***** Records for this task *****
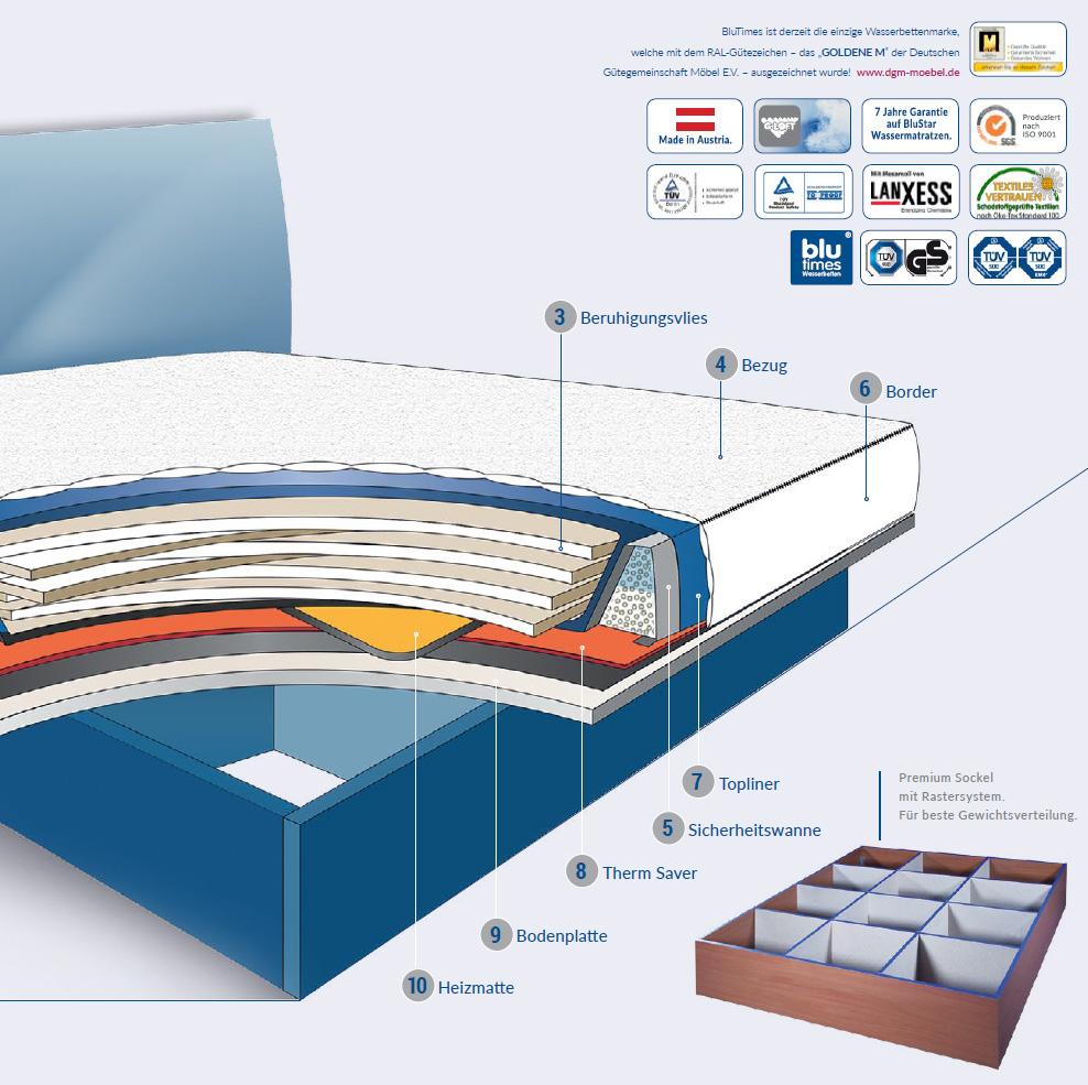 unserer hochwertigen BluTimes Wasserbettkomponenten auf
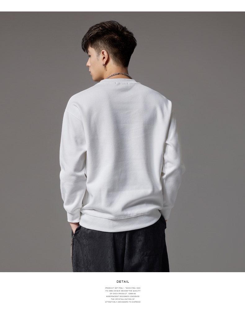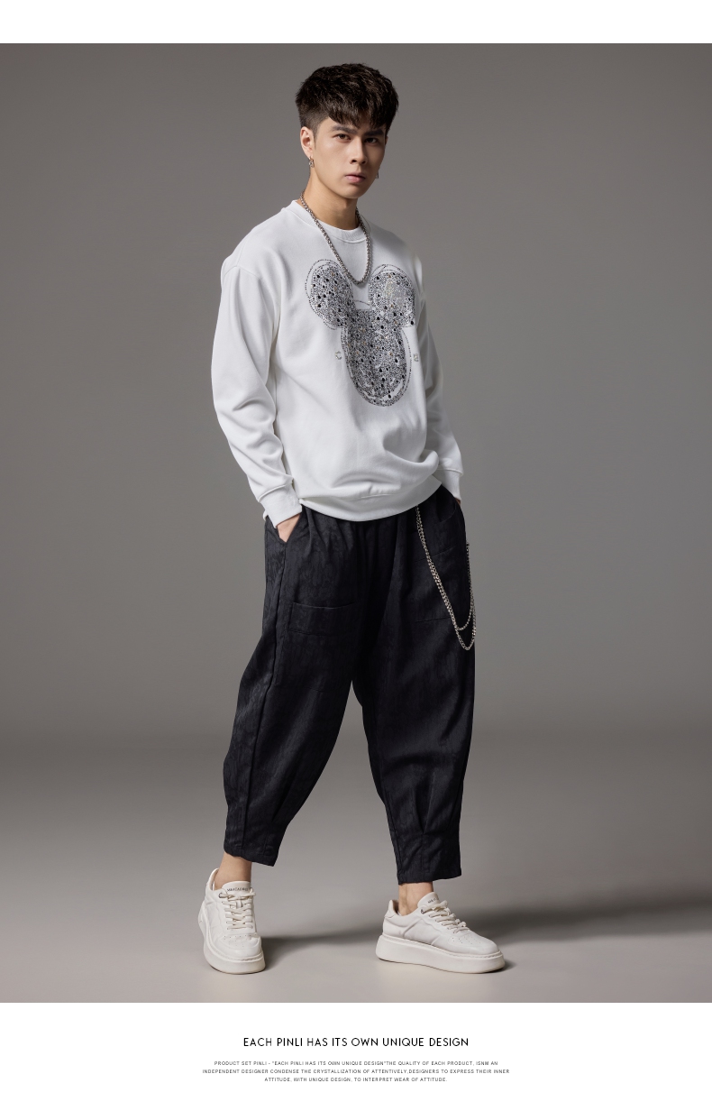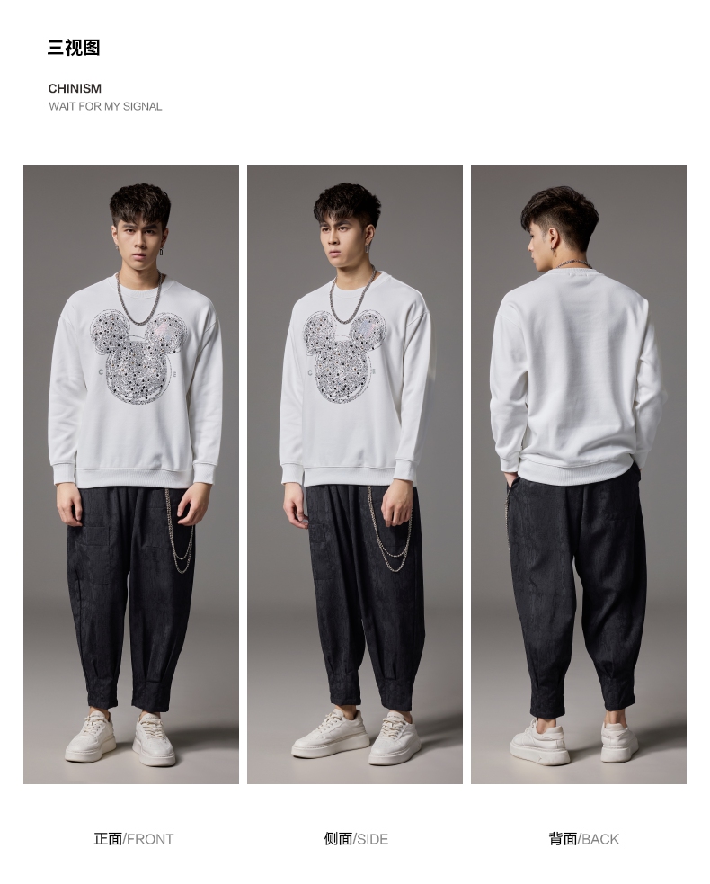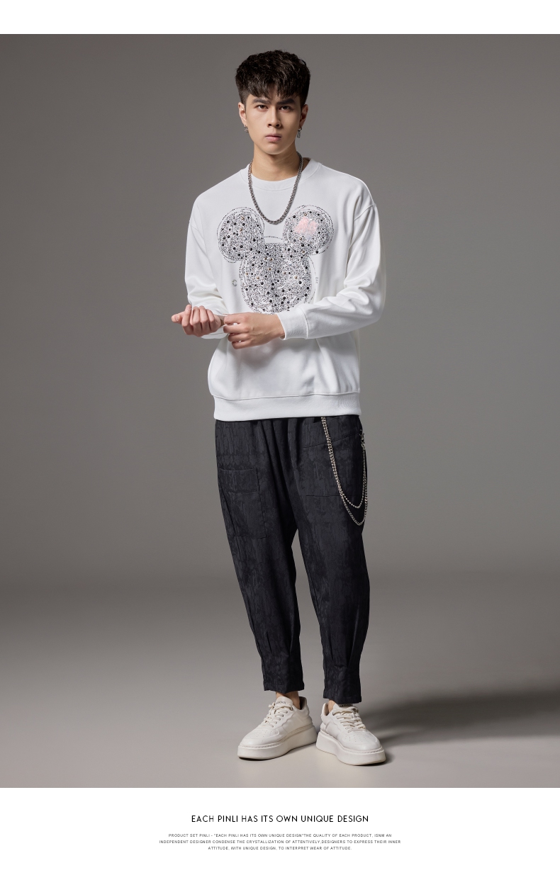 PINLI品立秋季新款男士宽松圆领落肩卡通烫钻套头卫衣上衣潮BG243109026
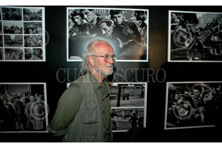 MÉXICO, D.F., 01ABRIL2009.- El legendario maestro de la fotografía, miembro de la agencia Magnum, de nacionalidad checa, Josef koudelka, recorre la exposición Invasión 68: Praga que se exhibe en el Centro Cultural Tlatelolco con una selección de 74 imágenes elegidas por el mismo autor que testimonian los días convulsos en un relato visual sin precedentes. FOTO: RODOLFO ANGULO/CUARTOSCURO.COM
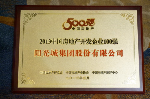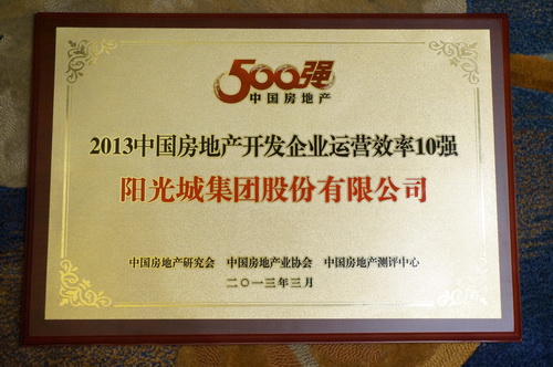 3月22日,2013年 "中国房地产开发企业500强测评成果"发布会在京举行。阳光城集团跻身“2013中国房地产百强企业”,并在“运营效率10强”榜中排名第二。“中国房地产开发企业500强测评”由中国房地产研究会、中国房地产业协会联合中国房地产测评中心主办。作为行业测评研究的重要指标之一,中国房地产“开发企业及首选品牌500强”评选已经开展了近五年,并在业界引起了良好的反响。其研究已成为评判房地产企业经营实力及行业地位的风向标。
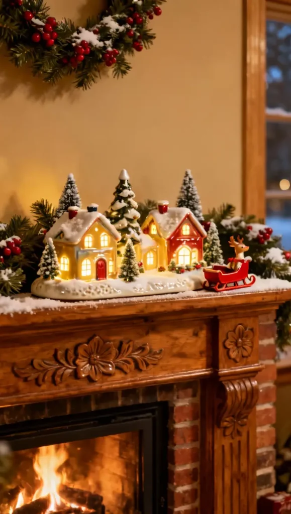 Create a miniature, lit-up holiday town on a mantel or dedicated table. Watching the tiny lights glow is heartwarming and fun for all ages.
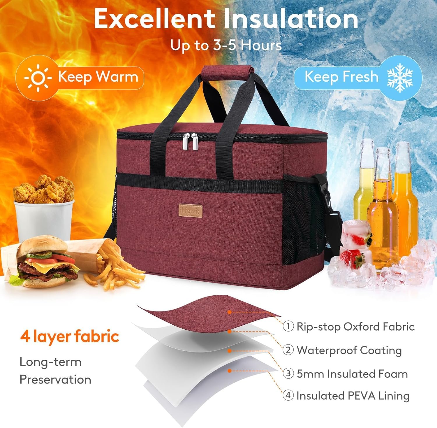 Premium Constructions: The exterior of the Cooler Bag is constructed out of 600D Oxford cloth for long time lasting using.
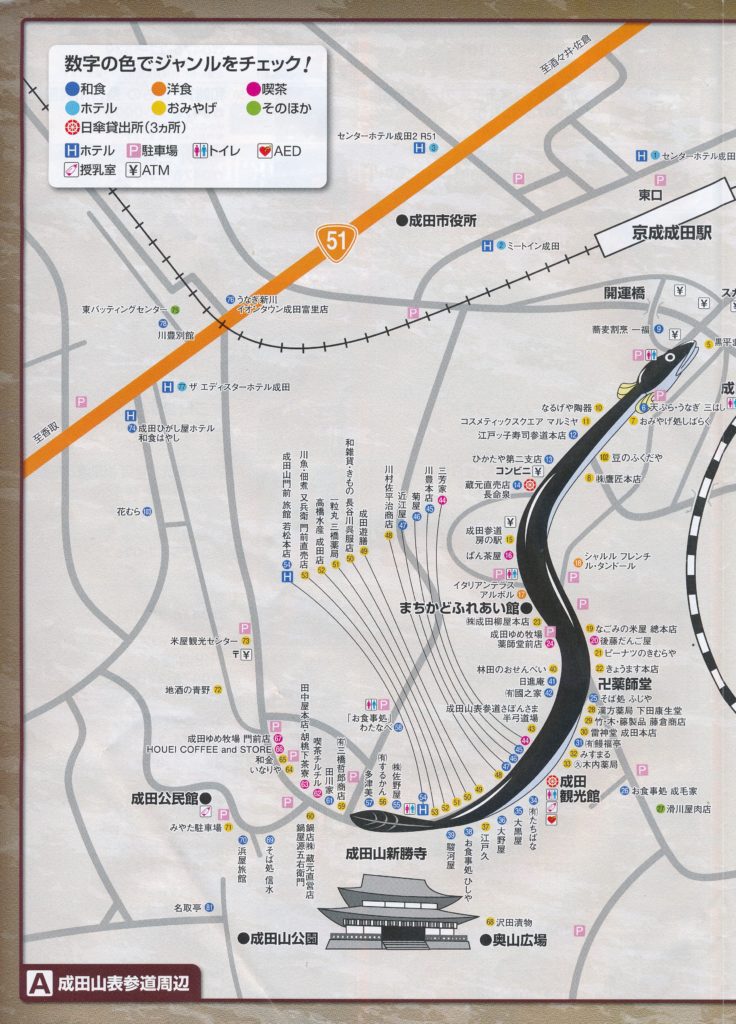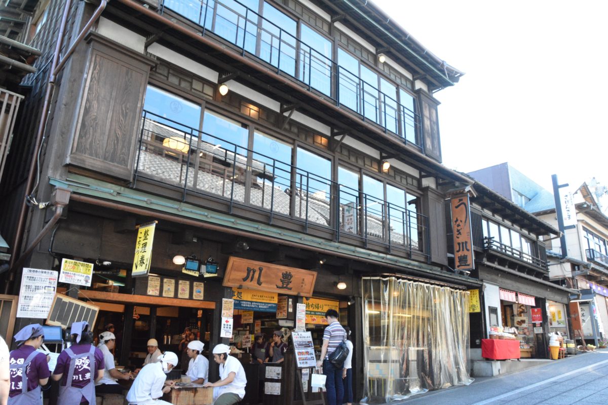 成田山新勝寺の参道で3軒のうなぎ料理の名店が隣り合うエリア
*****
*The task*:
Your reply should consist solely of the lines above, from the opening line through the line with "MÉXICO, D.F., 01ABRIL2009.- El", reproduced exactly and without pictures.

*Result*:
 unserer hochwertigen BluTimes Wasserbettkomponenten auf
 PINLI品立秋季新款男士宽松圆领落肩卡通烫钻套头卫衣上衣潮BG243109026
 MÉXICO, D.F., 01ABRIL2009.- El legendario maestro de la fotografía, miembro de la agencia Magnum, de nacionalidad checa, Josef koudelka, recorre la exposición Invasión 68: Praga que se exhibe en el Centro Cultural Tlatelolco con una selección de 74 imágenes elegidas por el mismo autor que testimonian los días convulsos en un relato visual sin precedentes. FOTO: RODOLFO ANGULO/CUARTOSCURO.COM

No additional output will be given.